What are my options for receiving an internet connection at my Portuguese property? I live in a small village that has mains telephone wires outside in the street so I assume I can get a phone installed. What does it cost or am I better with a satellite system?


----------



## siobhanwf (Mar 20, 2009)

depending on how far you are from the main broadband exchnage depends on the quality of your internet connection.
We are 7kms from ours and in the first 5 years we were here had the PT engineer here on a very regular basis. Our speed wasn`t much faster than dial-up!! 
Having tried various dongles we found we had the same problem if we even managed to get a connection

We decided 18 moths ago to go to satellite and choose Tooway | Home of Tooway Satellite Broadband 20 Mb in Europe | ToowayDirect.
Sorry we didn`t do it sooner!!!!
Now getting up to 20mbps dwoload and 5mbps upload


----------



## canoeman (Mar 3, 2011)

Quality and speed all depends on how far you are from the ADSL exchange, the ideal is to check exactly what someone on the same line gets or could get, PT & Sapo are not 100% accurate with their information, PT/sapo cost appox 30€pm depends on phone package and speed

Second option is Meo,Zon, Vodafone TV,telephone, broadband packages but depends if you have fibre optic available on your telephone route considerably dearer but faster broadband

Third option dongle but depends on your local Mast 3 or 4G TMN, Vodafone, Optimus

Fourth option Satellite, Tooway all reports here good cost 40€ ish pm downside no telephone option


----------



## siobhanwf (Mar 20, 2009)

We have cancelled out PT phone line and now only use Skype.

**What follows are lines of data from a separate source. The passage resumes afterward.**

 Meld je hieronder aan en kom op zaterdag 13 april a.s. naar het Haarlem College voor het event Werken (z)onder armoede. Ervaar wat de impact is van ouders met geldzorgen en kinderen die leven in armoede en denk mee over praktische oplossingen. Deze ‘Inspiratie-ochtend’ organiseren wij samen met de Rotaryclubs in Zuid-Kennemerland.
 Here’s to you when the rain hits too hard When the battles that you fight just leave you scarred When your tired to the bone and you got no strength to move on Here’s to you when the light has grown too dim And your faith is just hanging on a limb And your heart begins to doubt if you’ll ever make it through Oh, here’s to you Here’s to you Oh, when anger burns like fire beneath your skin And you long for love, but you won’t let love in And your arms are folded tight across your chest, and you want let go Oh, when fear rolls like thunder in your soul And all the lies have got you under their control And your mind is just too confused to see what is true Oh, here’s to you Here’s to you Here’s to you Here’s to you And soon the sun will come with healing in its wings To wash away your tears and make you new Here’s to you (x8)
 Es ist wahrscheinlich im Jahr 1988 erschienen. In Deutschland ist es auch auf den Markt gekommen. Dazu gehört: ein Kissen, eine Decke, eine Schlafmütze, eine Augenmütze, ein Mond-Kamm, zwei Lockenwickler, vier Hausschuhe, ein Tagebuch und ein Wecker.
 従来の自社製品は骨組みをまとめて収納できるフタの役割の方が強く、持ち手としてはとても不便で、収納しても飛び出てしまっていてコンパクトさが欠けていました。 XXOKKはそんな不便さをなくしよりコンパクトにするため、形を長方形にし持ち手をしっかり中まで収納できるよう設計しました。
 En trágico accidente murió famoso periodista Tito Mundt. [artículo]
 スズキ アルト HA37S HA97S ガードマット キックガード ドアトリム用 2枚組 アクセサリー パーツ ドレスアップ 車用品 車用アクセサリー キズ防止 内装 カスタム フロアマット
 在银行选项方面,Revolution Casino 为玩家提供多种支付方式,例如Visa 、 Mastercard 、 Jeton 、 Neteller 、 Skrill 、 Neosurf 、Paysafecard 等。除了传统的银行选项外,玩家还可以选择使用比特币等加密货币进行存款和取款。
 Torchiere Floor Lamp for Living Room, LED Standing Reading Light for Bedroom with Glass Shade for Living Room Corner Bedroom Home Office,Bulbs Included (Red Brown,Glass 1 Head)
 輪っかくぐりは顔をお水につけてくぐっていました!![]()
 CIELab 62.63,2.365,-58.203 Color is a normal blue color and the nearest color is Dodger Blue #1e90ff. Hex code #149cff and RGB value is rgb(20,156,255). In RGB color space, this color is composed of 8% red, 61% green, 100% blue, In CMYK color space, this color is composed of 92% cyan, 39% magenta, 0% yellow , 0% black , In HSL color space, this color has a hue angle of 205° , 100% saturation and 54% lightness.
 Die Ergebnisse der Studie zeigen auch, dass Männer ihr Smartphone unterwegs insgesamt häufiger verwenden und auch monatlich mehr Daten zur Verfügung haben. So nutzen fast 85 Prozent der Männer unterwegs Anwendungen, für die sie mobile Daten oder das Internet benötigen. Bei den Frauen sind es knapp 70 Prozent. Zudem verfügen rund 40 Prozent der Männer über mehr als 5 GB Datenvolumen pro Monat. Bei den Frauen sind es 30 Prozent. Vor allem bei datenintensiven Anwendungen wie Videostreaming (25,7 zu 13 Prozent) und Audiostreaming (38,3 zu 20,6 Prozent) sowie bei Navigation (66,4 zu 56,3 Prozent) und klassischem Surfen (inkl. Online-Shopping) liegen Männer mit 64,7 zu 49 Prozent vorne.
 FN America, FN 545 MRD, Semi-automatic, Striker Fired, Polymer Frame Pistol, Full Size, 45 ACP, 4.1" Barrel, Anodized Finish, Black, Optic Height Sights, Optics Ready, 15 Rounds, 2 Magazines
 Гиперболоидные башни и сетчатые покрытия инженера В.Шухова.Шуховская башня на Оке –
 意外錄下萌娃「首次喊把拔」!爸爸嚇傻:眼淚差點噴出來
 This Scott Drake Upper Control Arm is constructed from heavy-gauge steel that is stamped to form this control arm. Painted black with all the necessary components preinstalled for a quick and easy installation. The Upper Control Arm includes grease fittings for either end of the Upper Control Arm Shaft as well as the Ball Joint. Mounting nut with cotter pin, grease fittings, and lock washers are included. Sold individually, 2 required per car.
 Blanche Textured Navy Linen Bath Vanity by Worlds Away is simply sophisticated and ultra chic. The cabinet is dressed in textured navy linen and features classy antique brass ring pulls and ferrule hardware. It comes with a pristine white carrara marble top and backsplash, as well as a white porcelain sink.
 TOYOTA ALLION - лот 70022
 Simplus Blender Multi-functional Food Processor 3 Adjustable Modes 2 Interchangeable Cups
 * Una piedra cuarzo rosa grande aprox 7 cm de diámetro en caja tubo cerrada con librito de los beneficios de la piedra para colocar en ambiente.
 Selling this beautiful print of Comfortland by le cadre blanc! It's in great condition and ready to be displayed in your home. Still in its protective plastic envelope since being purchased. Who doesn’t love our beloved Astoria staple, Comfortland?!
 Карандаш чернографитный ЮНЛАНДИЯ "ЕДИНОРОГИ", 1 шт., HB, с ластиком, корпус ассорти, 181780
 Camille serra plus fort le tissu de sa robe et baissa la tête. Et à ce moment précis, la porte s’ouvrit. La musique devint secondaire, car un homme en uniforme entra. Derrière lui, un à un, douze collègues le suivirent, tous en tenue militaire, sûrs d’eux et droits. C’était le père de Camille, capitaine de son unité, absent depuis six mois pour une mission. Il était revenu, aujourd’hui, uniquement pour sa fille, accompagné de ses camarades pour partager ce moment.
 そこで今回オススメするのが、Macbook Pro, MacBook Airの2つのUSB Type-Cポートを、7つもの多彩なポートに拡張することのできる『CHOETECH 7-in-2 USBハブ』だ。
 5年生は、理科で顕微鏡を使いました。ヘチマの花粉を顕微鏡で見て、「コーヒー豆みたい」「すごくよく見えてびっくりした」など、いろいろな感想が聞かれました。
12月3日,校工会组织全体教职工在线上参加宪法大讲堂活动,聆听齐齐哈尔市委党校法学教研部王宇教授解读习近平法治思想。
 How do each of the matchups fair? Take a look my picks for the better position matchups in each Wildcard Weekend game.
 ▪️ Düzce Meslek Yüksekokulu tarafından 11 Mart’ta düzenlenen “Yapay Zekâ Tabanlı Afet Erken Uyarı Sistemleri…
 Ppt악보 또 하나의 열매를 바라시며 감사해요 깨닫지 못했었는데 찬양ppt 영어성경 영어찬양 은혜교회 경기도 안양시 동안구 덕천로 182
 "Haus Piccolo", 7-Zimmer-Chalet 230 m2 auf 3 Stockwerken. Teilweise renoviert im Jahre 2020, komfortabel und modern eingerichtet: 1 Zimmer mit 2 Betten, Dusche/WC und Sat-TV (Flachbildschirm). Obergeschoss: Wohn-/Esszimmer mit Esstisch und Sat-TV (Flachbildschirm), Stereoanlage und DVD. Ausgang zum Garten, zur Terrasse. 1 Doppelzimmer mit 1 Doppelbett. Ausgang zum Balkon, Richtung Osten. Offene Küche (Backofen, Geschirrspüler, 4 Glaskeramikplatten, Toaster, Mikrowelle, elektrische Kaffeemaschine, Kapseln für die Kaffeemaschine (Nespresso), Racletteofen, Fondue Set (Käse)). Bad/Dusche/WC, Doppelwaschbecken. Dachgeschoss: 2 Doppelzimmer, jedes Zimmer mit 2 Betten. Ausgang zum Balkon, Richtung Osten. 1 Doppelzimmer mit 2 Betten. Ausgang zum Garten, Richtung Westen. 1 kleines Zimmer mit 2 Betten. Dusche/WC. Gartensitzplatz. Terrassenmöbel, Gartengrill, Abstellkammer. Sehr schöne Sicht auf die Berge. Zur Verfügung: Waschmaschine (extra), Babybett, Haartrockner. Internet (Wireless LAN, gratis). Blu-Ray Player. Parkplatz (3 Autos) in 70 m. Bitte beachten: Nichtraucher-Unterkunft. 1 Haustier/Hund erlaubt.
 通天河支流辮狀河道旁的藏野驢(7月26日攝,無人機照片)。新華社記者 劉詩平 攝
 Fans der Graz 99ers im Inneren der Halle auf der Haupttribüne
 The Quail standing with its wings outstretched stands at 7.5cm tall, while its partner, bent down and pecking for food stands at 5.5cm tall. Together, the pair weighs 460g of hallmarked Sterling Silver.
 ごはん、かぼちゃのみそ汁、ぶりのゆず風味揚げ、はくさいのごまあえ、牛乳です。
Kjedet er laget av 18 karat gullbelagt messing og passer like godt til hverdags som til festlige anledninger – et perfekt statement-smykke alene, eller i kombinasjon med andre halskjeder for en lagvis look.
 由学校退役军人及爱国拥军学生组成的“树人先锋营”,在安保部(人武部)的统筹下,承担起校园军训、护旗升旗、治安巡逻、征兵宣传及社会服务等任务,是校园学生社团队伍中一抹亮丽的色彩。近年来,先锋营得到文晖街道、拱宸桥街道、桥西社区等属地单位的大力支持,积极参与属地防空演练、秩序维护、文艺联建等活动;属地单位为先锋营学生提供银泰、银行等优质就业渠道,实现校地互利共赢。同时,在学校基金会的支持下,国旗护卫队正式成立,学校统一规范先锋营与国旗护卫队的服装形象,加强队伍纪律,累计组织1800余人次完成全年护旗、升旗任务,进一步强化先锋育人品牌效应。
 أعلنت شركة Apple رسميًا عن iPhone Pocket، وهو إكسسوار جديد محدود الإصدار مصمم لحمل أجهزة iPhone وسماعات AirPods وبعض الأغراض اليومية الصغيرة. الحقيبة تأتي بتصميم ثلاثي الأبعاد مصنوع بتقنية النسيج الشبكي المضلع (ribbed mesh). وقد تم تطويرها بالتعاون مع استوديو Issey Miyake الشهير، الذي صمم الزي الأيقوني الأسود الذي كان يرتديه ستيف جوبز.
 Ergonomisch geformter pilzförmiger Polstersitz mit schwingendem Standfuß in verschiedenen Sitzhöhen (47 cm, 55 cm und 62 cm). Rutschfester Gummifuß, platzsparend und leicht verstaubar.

You will find the cost s of Tooway satellite here. https://www.toowaydirect.com/purchase/


----------



## Verinia (Apr 6, 2012)

We use Tooway too and have found it excellent. It is reliable, fast and we have bought a package which allows us to watch a bit of telly on Watch again or Filmon (You need at least 20 mb data for that we find...its not unlimited) and we watch an average of one programme a day,listen to streaming radio a lot and use Youtube etc. Be careful though if you use a VPN network- ie if you need to work remotely with a company that does-because of the way satellite works it can slow right down in these circumstances. This caught us out and we had to use a pay as you go dongle for some work (Check that you get the reception for this in your area, only Optimus works where we. (We live in a small village in the Loule hills)


----------